## EXERCISE OBJECTIVE
Within the records below is a range that opens at the line with "Dream 蕾丝女士睡衣套装" and closes at the line with "وإذا أتَتْك مَذَمّتي". Return that range word for word, both ends included, and only that range.

## RECORDS SHOWN

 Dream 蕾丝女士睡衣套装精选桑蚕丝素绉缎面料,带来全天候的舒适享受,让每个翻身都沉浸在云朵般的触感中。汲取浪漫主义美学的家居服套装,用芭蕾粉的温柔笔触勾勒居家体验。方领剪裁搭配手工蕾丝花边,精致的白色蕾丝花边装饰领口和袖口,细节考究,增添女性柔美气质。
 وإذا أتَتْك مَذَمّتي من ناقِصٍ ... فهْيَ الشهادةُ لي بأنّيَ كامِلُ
--
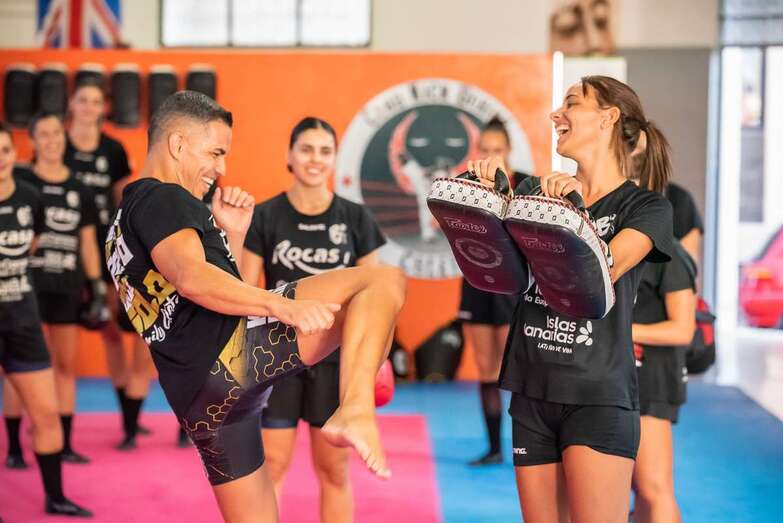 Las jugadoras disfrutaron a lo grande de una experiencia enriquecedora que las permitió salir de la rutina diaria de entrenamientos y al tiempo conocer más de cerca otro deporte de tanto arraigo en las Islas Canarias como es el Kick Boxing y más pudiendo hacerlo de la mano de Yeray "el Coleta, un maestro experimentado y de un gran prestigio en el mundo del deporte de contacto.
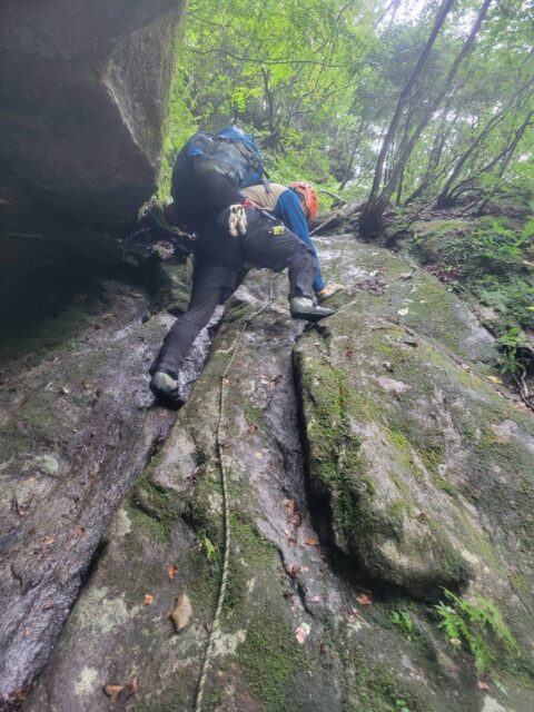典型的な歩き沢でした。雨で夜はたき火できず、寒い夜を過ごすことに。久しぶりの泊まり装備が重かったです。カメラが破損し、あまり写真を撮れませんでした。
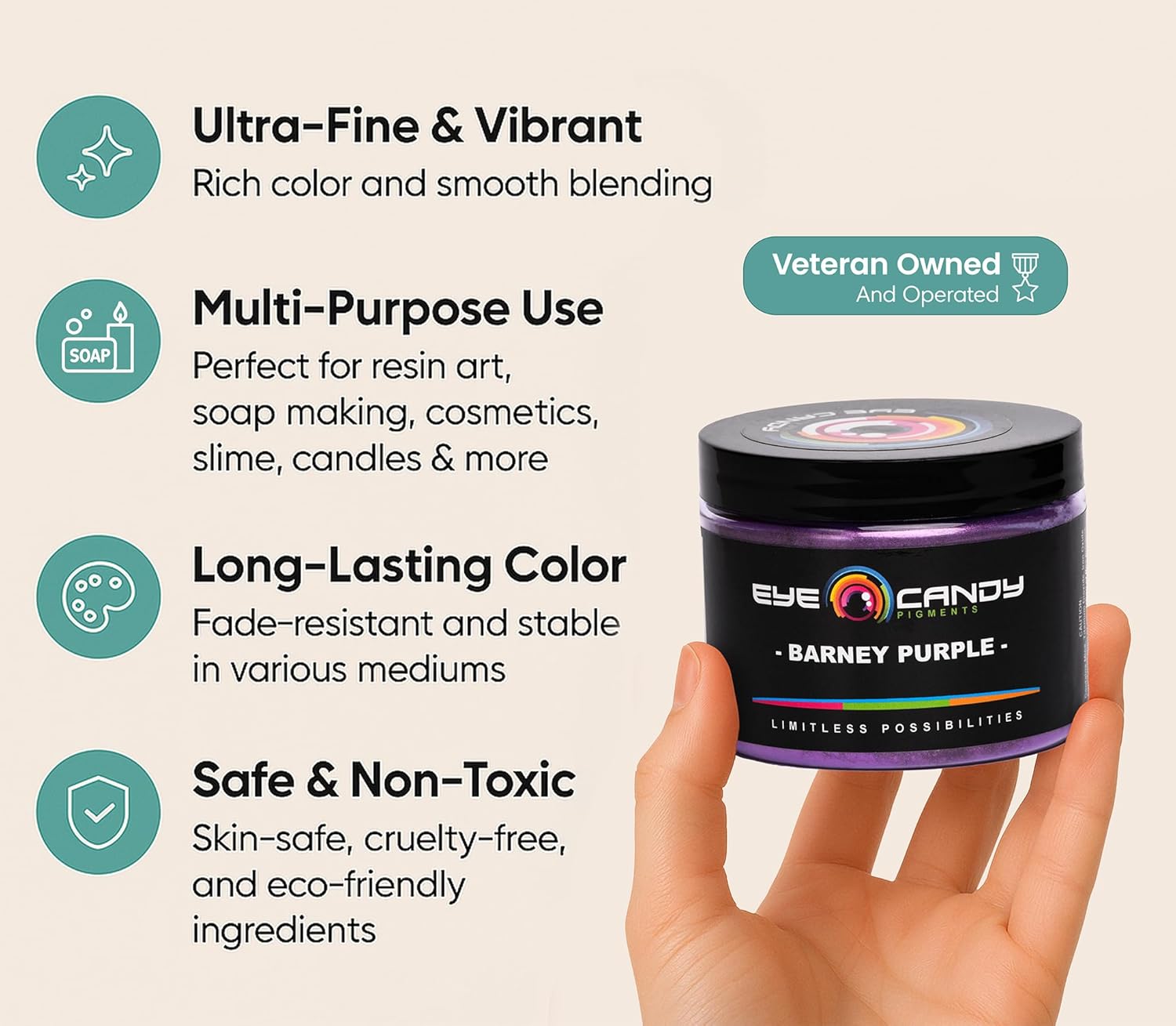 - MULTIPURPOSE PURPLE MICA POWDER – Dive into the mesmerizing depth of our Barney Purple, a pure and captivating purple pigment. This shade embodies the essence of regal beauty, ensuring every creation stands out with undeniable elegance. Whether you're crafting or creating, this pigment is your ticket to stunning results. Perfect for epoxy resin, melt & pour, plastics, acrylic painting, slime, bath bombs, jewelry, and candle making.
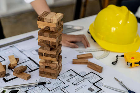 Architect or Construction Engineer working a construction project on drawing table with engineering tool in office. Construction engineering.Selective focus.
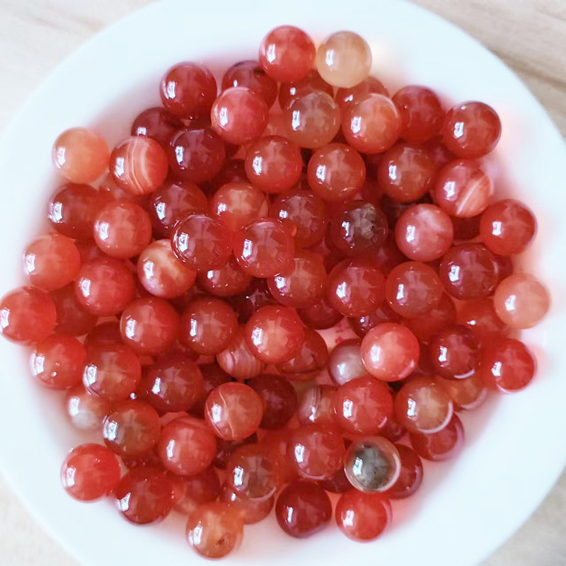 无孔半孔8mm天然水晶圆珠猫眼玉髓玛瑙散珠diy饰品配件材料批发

## EXERCISE OUTPUT
 Dream 蕾丝女士睡衣套装精选桑蚕丝素绉缎面料,带来全天候的舒适享受,让每个翻身都沉浸在云朵般的触感中。汲取浪漫主义美学的家居服套装,用芭蕾粉的温柔笔触勾勒居家体验。方领剪裁搭配手工蕾丝花边,精致的白色蕾丝花边装饰领口和袖口,细节考究,增添女性柔美气质。
 وإذا أتَتْك مَذَمّتي من ناقِصٍ ... فهْيَ الشهادةُ لي بأنّيَ كامِلُ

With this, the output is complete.